Connor held up his glass by the base. I grabbed it around the middle, accidentally covering his thumb with one of my fingers for just an instant. At this glancing contact, I realized that Connor and I had not so much as shaken hands when he arrived, and it seemed too late by then to do anything of the kind.
I pitched my empty beer bottle into the plastic garbage can in the kitchen. Pouring Connor’s whiskey, I took two waggles and vowed to drink my next beer more slowly. Going drink for drink with Connor was certain to bring the evening—or my participation in it—to a stuttering, premature, and potentially mortifying end.
Carrying a full bottle of beer and a glass of bourbon, I reached the open porch doors and stopped. Brittany and Connor were standing next to one another, smiling. It looked as if they had just shaken hands.
“You’re up,” I said.
Brittany turned to me, opened her eyes wide, and let her smile fall. “You sound exactly like him,” she said. “Exactly.”
I handed Connor his whiskey, feeling hurt and a little indignant that my girlfriend had said that I sound like my brother, instead of the other way around.
She turned back to Connor. “How did that happen?”

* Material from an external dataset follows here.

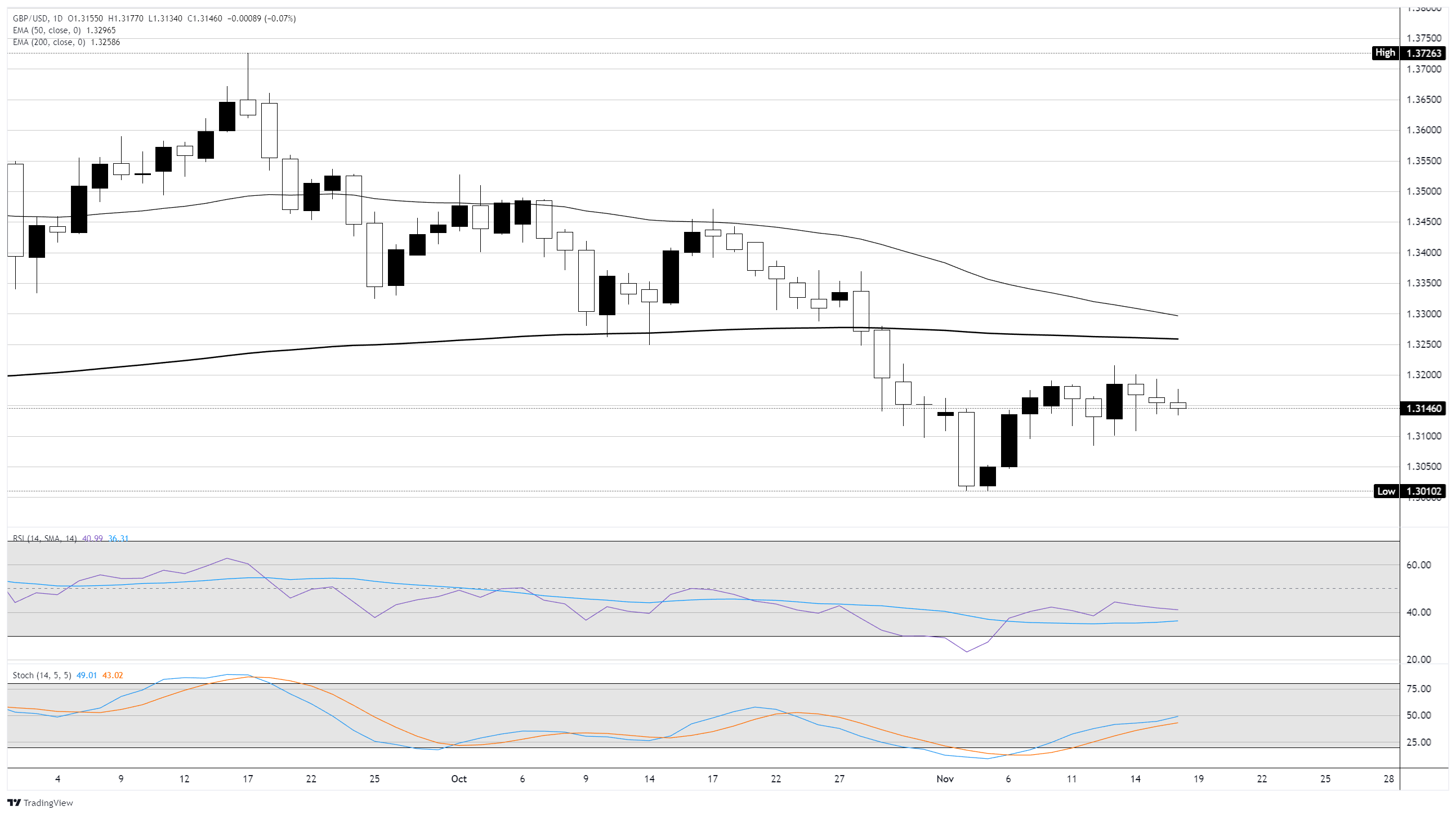 英镑/美元仍然被困在一个粗略的短期盘整区间内,英镑在1.3150区域的𧹒盘循环。该货币对在从七个月低点反弹后失去了动力,英镑在11月保持基本不变。

“Well,” Connor said, “I like to think that when Simon was teaching himself to talk, he had his pick of any voice he wanted and chose mine.”
Brittany laughed.
It seemed that her nap had lifted her out of the horror of her afternoon, at least for the moment. She had ironed her hair flat, except at the ends, which curved in and brushed against her jawbone. Her small, high-set breasts stretched the vertical ribbing of her pale green tank top, the tail of which hung over the waistband of her favorite pair of short nylon shorts. An open black hoodie hung loosely over her arms. I knew her well enough to know she had applied a little makeup to her eyes and considered each piece of clothing she was wearing, but Brittany always gave the impression that her beauty was effortless, which made her all the more beautiful.

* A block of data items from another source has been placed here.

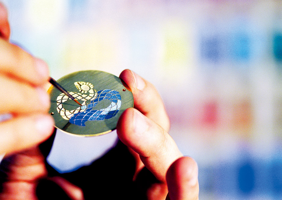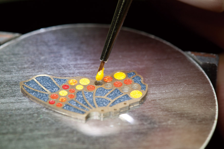 ▲內填法作品的特色之一為可延伸作畫空間至錶殼;其在各區隔空間中常會出現完全不同的色彩,此時需先考慮各色調釉料的熔點,從熔點高的顏料開始填色烘烤,後續再填覆下一種色調。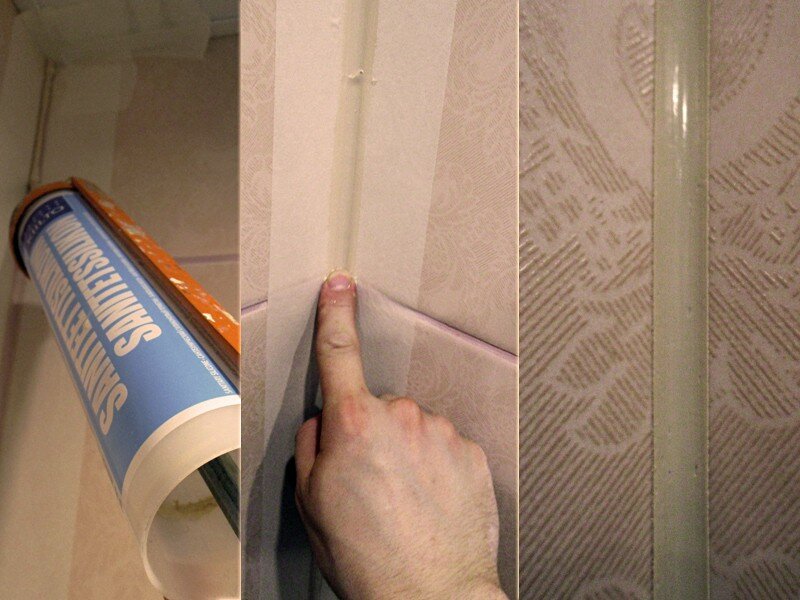 - На участках с небольшой нагрузкой можно применять силиконовый герметик. Также этот способ часто используют для прикрепления пластиковых уголков к кафелю на кухне или в ванной.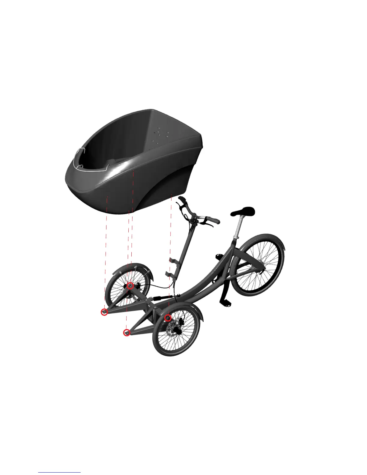 2- Place the box on the front metal frame and place 4 M8 bolts. In case the bike is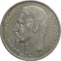 5フラン。ナポレオン3世、月桂冠。このコインは好きなデザインのひとつです。入手は比較的容易なので、機会があれば、もう少し状態のいいものを入手したいと思っています。第2帝政。ストラスブールミント。 |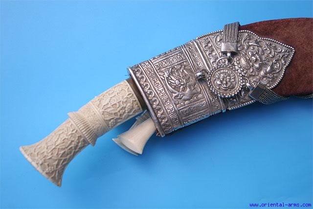 Very fine Kothimora Kukri with caved ivory hilt -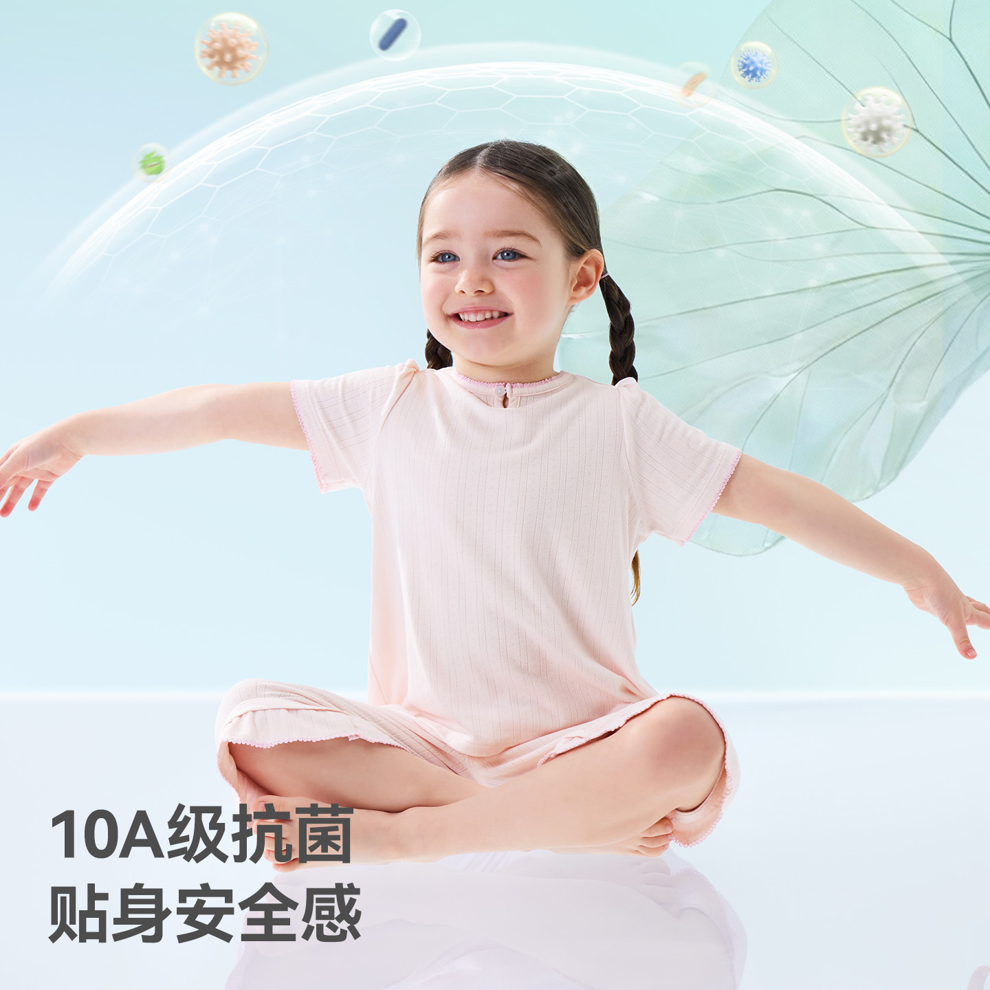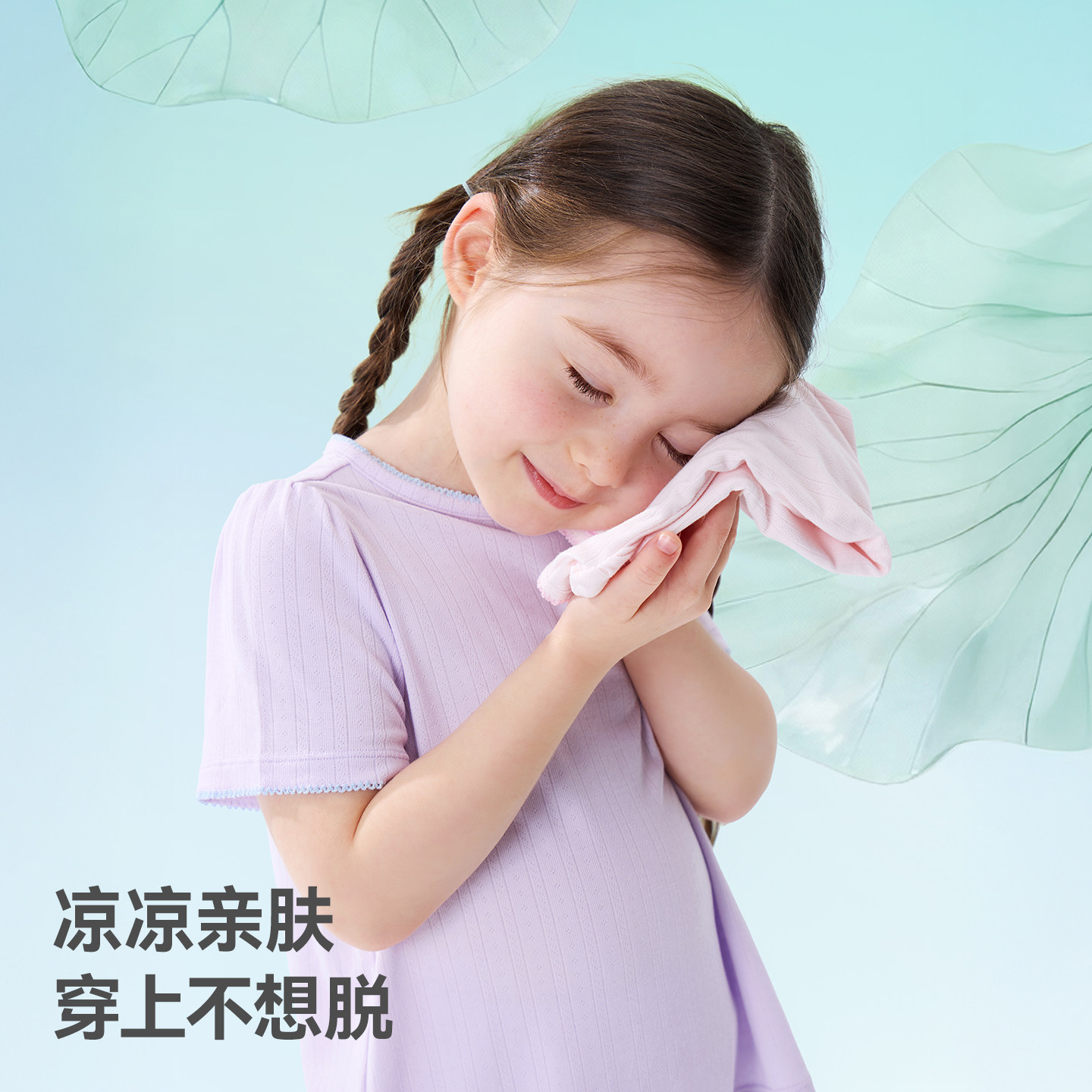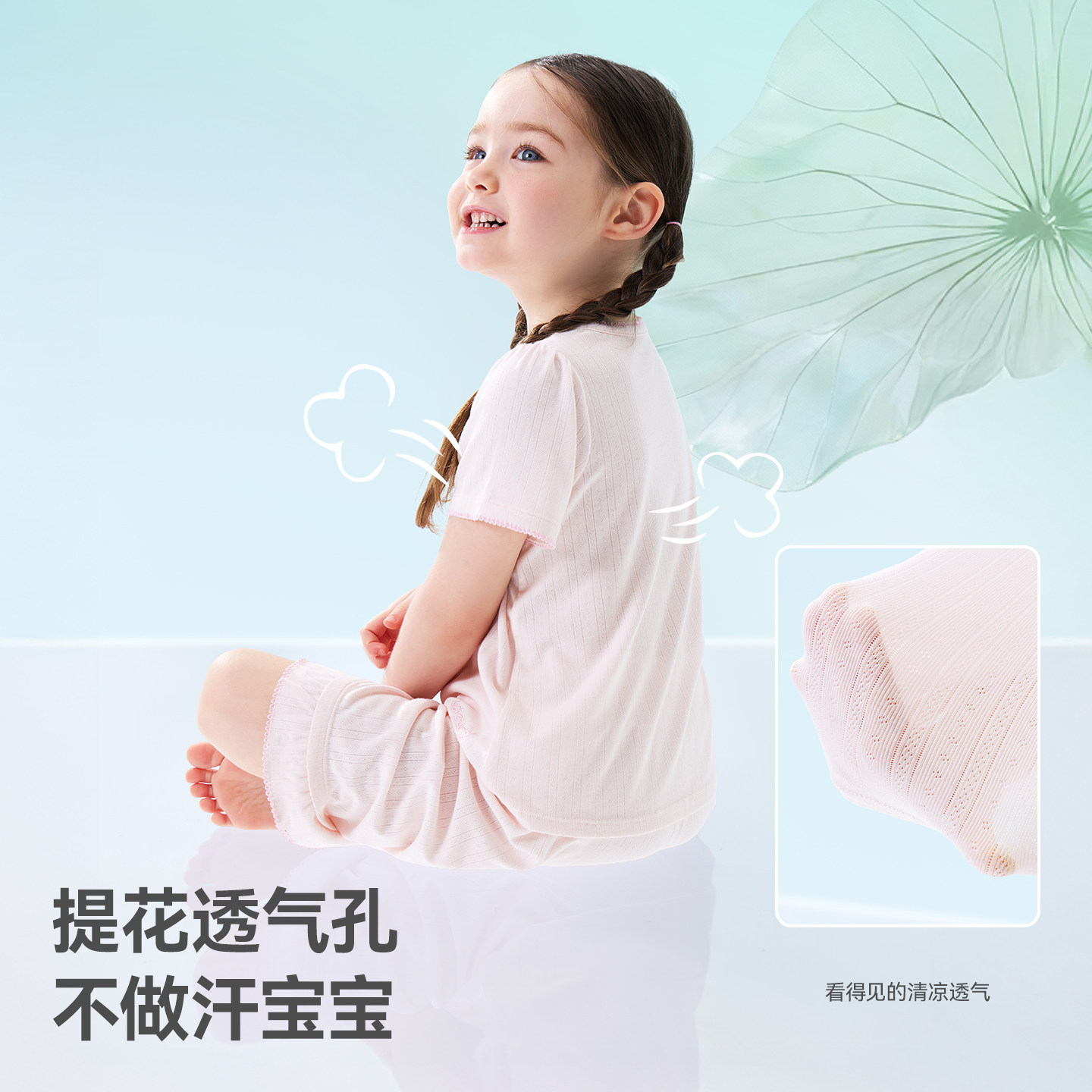 贝肽斯女童睡衣宝宝家居服套装夏季短袖优可丝凉感透气亲子空调服

For his part, with a second whiskey in hand and an attractive, one-woman audience to win over—with someone besides me around—Connor seemed more comfortable already.
I touched Brittany’s elbow and, as she turned to face me, she pulled it out of my fingertips.
“Drink?” I asked.
She looked over the edge of Connor’s glass. “Bourbon, please.”
A waggle delayed my reply. “Bourbon it is.”
“Thank you, baby.”
I set my beer bottle on the warped wood planks of the porch, sending a warm rush to my head. Then I went inside, pulled a second glass from a cabinet, and poured another bourbon, feeling buzzed and buoyed that Brittany was awake and feeling social, and that she and Connor were hitting it off. He was even flirting a little, which I took to be a harmless expression of our brotherly rivalry. Despite his tardiness and Brittany’s grief, my brother’s visit was beginning to take the shape that I had hoped it would.
I returned to the porch to find Connor seated and Brittany standing over him. I handed Brittany her glass and picked up my beer.